President of the Baptist General Convention of Indian Territory
- In office 1904–1905

Oklahoma Territory Superintendent of Public Instruction
- In office February 21, 1894 – November 30, 1896
- Governor: William Cary Renfrow
- Preceded by: Joseph Homer Parker
- Succeeded by: Albert Owen Nichols

Personal details
- Born: February 26, 1862 Richmond County, North Carolina, U.S.
- Died: July 29, 1923 (aged 61) Tahlequah, Oklahoma, U.S.
- Resting place: Okmulgee, Oklahoma
- Party: Democratic Party
- Spouse: Clara Williams
- Education: Trinity College Dick and Dillard School of Law

= Evan Dhu Cameron =

American politician and educator (1862–1923)

Evan Dhu Cameron was an American politician and educator who served as the first Oklahoma Superintendent of Public Instruction from 1907 to 1911 and as the Oklahoma Territory Superintendent of Public Instruction from 1894 to 1897.

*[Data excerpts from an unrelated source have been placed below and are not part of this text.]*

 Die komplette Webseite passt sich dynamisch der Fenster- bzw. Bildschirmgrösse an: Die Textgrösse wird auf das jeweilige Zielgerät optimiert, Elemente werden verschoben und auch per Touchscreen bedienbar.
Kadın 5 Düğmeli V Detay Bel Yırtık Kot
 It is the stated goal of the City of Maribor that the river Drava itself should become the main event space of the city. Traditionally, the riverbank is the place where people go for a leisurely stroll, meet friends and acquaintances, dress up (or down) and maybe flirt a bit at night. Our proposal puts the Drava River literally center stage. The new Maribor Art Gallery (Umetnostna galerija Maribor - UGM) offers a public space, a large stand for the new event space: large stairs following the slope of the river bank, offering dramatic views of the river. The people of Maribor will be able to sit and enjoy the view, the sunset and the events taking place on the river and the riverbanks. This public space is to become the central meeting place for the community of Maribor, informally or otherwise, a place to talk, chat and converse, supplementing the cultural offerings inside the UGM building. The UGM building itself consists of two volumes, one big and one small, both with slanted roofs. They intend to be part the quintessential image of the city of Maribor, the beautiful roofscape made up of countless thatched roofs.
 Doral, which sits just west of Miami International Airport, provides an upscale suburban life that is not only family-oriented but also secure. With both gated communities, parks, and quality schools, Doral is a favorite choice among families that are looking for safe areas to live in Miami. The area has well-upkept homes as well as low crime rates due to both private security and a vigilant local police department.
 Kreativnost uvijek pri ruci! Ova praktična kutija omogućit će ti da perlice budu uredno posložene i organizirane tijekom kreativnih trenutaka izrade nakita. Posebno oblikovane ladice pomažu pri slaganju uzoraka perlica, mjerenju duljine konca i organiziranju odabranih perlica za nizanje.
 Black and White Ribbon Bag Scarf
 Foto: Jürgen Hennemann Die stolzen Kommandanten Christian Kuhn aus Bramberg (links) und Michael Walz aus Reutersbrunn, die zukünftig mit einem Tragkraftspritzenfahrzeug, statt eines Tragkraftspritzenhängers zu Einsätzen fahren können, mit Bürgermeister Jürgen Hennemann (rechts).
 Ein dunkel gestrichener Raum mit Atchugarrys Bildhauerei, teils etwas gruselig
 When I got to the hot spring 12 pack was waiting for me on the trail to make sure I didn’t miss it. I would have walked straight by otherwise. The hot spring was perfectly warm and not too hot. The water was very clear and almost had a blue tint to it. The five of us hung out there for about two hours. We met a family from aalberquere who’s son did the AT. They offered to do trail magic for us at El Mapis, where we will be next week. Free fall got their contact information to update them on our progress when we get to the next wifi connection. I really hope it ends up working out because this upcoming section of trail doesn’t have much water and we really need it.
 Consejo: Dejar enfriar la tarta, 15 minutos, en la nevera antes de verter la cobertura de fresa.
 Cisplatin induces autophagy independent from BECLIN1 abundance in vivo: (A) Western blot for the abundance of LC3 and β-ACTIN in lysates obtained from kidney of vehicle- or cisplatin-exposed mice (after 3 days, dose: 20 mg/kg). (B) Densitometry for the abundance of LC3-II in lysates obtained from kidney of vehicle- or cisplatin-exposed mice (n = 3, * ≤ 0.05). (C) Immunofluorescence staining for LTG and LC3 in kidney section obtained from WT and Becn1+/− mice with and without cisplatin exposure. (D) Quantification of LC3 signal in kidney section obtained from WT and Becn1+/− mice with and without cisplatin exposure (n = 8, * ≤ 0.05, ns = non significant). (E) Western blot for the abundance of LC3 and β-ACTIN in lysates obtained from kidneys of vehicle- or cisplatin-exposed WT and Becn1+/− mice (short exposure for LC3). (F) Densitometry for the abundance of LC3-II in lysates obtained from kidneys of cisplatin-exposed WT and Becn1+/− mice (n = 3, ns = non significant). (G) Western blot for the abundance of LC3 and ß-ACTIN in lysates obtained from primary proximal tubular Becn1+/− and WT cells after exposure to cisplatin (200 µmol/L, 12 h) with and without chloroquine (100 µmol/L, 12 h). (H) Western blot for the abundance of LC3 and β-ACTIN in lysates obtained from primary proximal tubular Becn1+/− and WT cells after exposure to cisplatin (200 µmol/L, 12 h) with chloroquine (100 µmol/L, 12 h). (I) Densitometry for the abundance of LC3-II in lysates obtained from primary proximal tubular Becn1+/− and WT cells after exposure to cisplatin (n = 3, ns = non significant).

==Early life, education, and early career==
Evan Dhu Cameron was born on February 26, 1862, to Caroline Crawford and John Worth Cameron in Richmond County, North Carolina as the youngest of seven children. His family was descended from Scottish immigrants. His father was a lawyer, editor, and former military officer. He attended school in Richmond, North Carolina, later attended Trinity College, and graduated from the Dick and Dillard School of Law in 1881. He practiced law for seven years in North Carolina. In 1888 he was licensed by the Methodist Episcopal Church. He worked as a pastor in Texas before moving to Oklahoma Territory in 1891. He married Clara Williams in 1890. In 1901 he switched denominations and joined the Southern Baptist Convention. He was the president of the Baptist General Convention of Indian Territory from 1904 to 1905.

==Political career==
From February 21, 1894, to November 30, 1896, Cameron served as the Superintendent of Public Instruction, president of the Board of Education, territorial auditor, and president of the board of health for Oklahoma Territory. He was appointed by Oklahoma Territorial Governor William Renfrow to succeed Joseph Homer Parker. While in office, he recommended changes to the law including segregated schools, granting the ability for county superintendents to remove district officials, moving the dates of school bond elections, and banning school employees from working as salesmen for school supplies. He was succeeded in office by Albert Owen Nichols.

In 1907, he was elected for one term as Oklahoma's first Superintendent of Public Instruction as a member of the Democratic Party, serving until 1911. During his tenure he is credited for organizing schools from the former Oklahoma Territory and Indian Territory into one unified education system and implementing the first uniform textbook law in the state. Between 1907 and 1908, over 2,200 new public schools were opened in rural Oklahoma.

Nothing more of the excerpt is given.